Savez vous que le directeur du premier quotidien marocain (Al Massae) est en prison depuis six mois ? Rachid Niny, 41 ans, croupit dans sa cellule de la prison d’Oukacha (Casablanca) sans provoquer le tapage médiatique d’autres cas similaires comme, en 2003, celui d’Ali Lmrabet, directeur de Demain, ou, en 2009, de Driss Chahtane, directeur d’Al Michaal. Grâce à cette mobilisation des médias et de la société civile tous les deux sont sortis de prison bien avant la date prévue.
Une partie de l’opinion publique espagnole et des responsables politiques d’alors s’étaient engagés pour faire libérer Ali Lmrabet. Les français aussi, mais dans une moindre mesure. Lmrabet parle la langue de Cervantès et sa compagne, avec qui il a deux enfants, est espagnole. Rachid Niny parle aussi la langue, il a vécu trois ans dans la région de Valence, il a écrit un livre sur son séjour comme immigré clandestin (Journal d’un illégal), sa femme est espagnole et sa fille fréquente l’école espagnole de Rabat. Et en plus il lit EL País, le journal ou je travaille. Mais personne n’a levé le petit doigt en Espagne ni en Europe pour le sortir de sa cellule.

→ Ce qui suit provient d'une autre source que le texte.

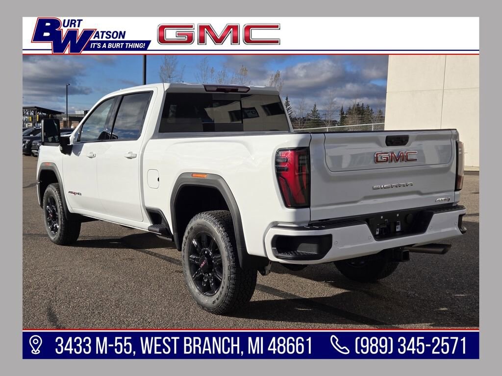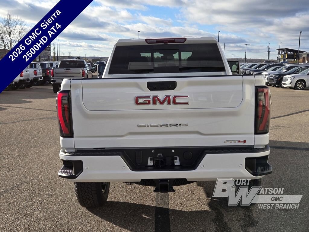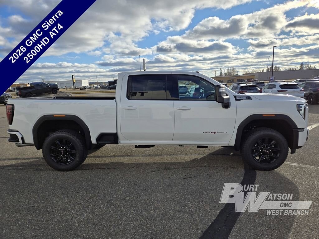 Recent Arrival!Summit White 2026 GMC Sierra 2500HD AT4 6.6L V8 10-Speed Automatic 4D Crew Cab 4WDPlease contact us at 989-345-2571 for more information.125 point inspection, 10-Way Power Driver Seat Adjuster w/Lumbar, 10-Way Power Passenger Seat Adjuster w/Lumbar, 120-Volt Bed Mounted Power Outlet, 120-Volt Instrument Panel Power Outlet, 1st & 2nd Rows All-Weather Floor Liners (LPO), 2 Charge-Only Rear USB Ports, 2 Charge/Data USB Ports Inside Center Console, 2 USB Ports, 2-Speed Active Transfer Case, 220-Amp Alternator, 3.73 Rear Axle Ratio, 4-Wheel Disc Brakes, 7 Speakers, ABS brakes, Air Conditioning, Alloy wheels, AM/FM radio: SiriusXM with 360L, Apple CarPlay/Android Auto, AT4 Preferred Package, Auto High-beam Headlights, Auto-dimming door mirrors, Auto-dimming Rear-View mirror, Automatic Emergency Braking, Automatic temperature control, Bed View Camera w/2 Trailer Camera Provisions, Black Badging Package (LPO), Black GMC Emblems (LPO), Black Sierra Nameplates (LPO), Bose Premium 7-Speaker Sound System, Brake assist, Buckle to Drive, Bumpers: body-color, Compass, Deep-Tinted Glass, Delay-off headlights, Driver door bin, Driver Memory, Driver vanity mirror, Dual front impact airbags, Dual front side impact airbags, Electric Rear-Window Defogger, Electronic Stability Control, Emergency communication system: OnStar, Floor-Mounted Center Console, Following Distance Indicator, Forward Collision Alert, Front anti-roll bar, Front Bucket Seats, Front Center Armrest, Front dual zone A/C, Front fog lights, Front Pedestrian Braking, Front Prem Floor Liners w/Removable Carpet Insert, Front Rain-Sensing Wipers, Front reading lights, Front wheel independent suspension, Fully automatic headlights, Gloss Black Header Grille & Grille Insert Bars, Gooseneck/5th Wheel Prep Package, HD Surround Vision, Heated 2nd Row Outboard Seats, Heated door mirrors, Heated Driver & Front Outboard Passenger Seats, Heated front seats, Heated rear seats, Heated steering wheel, Heavy-Duty 80 Amp Battery, Hill Descent Control, Hitch Guidance w/Hitch View, Illuminated entry, In-Vehicle Trailering System App, IntelliBeam Automatic High Beam On/Off, Keyless Open & Start, Lane Departure Warning System, LED Cargo Area Lighting, LED Smoked Amber Roof Marker Lamps, Low tire pressure warning, Manual Tilt-Wheel/Telescoping Steering Column, Memory seat, Occupant sensing airbag, Off-Road Suspension, OnStar Services Capable, Outside temperature display, Overhead airbag, Overhead console, Panic alarm, Passenger door bin, Passenger vanity mirror, Perforated Leather-Appointed Front Seat Trim, Pickup Box, Power door mirrors, Power driver seat, Power Front Passenger Windows w/Express Up/Down, Power passenger seat, Power Sliding Rear Window w/Defogger, Power steering, Power windows, Premium audio system: Premium GMC Infotainment System, Push Button Start, Radio: AM/FM w/Premium GMC Infotainment System, Rain sensing wipers, Rear Cross Traffic Alert, Rear Prem Floor Liners w/Removable Carpet Insert, Rear reading lights, Rear seat center armrest, Rear step bumper, Rear Wheelhouse Liners, Rear window defroster, Remote keyless entry, Remote Vehicle Starter System, Safety Alert Seat, Security system, Set of 4 Wheel Locks (LPO), SiriusXM w/360L Trial Subscription, Snow Plow Prep/Camper Package, Speed control, Speed-sensing steering, Split folding rear seat, Spray-On Pickup Bedliner w/GMC Logo, Steering Wheel Audio Controls, Steering wheel mounted audio controls, Tachometer, Telescoping steering wheel, Tilt steering wheel, Traction control, Trailer Cam Provisions & Trailer Viewing Software, Trailer Side Blind Zone Alert, Trip computer, Turn signal indicator mirrors, Ultrasonic Front & Rear Park Assist, Unauthorized Entry Theft-Deterrent System, Universal Home Remote, Variably intermittent wipers, Ventilated Driver & Front Passenger Seats, Ventilated front seats, Voltmeter, Wheels: 20 High Gloss Black 8 Price includes: $500 - Buick & GMC Consumer Cash Program.

Après son séjour en Espagne Niny est rentré au Maroc et, en 2006, il a fondé « Al Massae » (Le Soir) qui est devenu en peu de temps le premier quotidien du Maroc avec 113.000 exemplaires vendus. Au départ son journal était une sorte de bouffée d’air frais dans le morne panorama de la presse marocaine. La tribune que son directeur rédigeait tous les jours en dernière page était sans doute l’article le plus lu de la presse marocaine.

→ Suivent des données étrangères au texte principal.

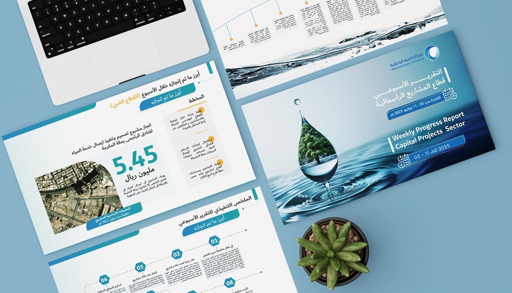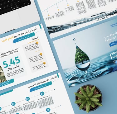 I worked on preparing and formatting a weekly report document presenting the most important achievements, submitted to the Saudi National Water Company. This included following the required technical information, organizing the content professionally, and formatting it in a simple, formal, yet distinctive manner. The approved specifications and standards were adhered to, while the presentation was designed in a clear and coordinated manner. This document was completed in just five hours and was a good opportunity to collaborate with the company in the form of freelance work.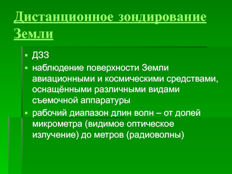 наблюдение поверхности Земли авиационными и космическими средствами, оснащёнными

La raison de ce silence au sujet de son emprisonnement est simple : Niny a beaucoup d’ennemis y compris parmi les journalistes marocains et étrangers qui pourraient aujourd’hui le soutenir. Il les a bien cherchés. Il s’est servi pendant des années de sa tribune quotidienne pour attaquer voire diffamer a hue et à dia. Il a, par exemple, enflammé, en novembre 2008, les islamistes de Kassar el Kébir, dans le nord du pays, pour qu’ils s’en prennent physiquement à des homosexuels qui avaient participé à une fête autour d’un faux mariage gay. Sans doute s’étaient-ils inspirés de l’Espagne ou les homosexuels pouvaient enfin se marier à partir de 2008.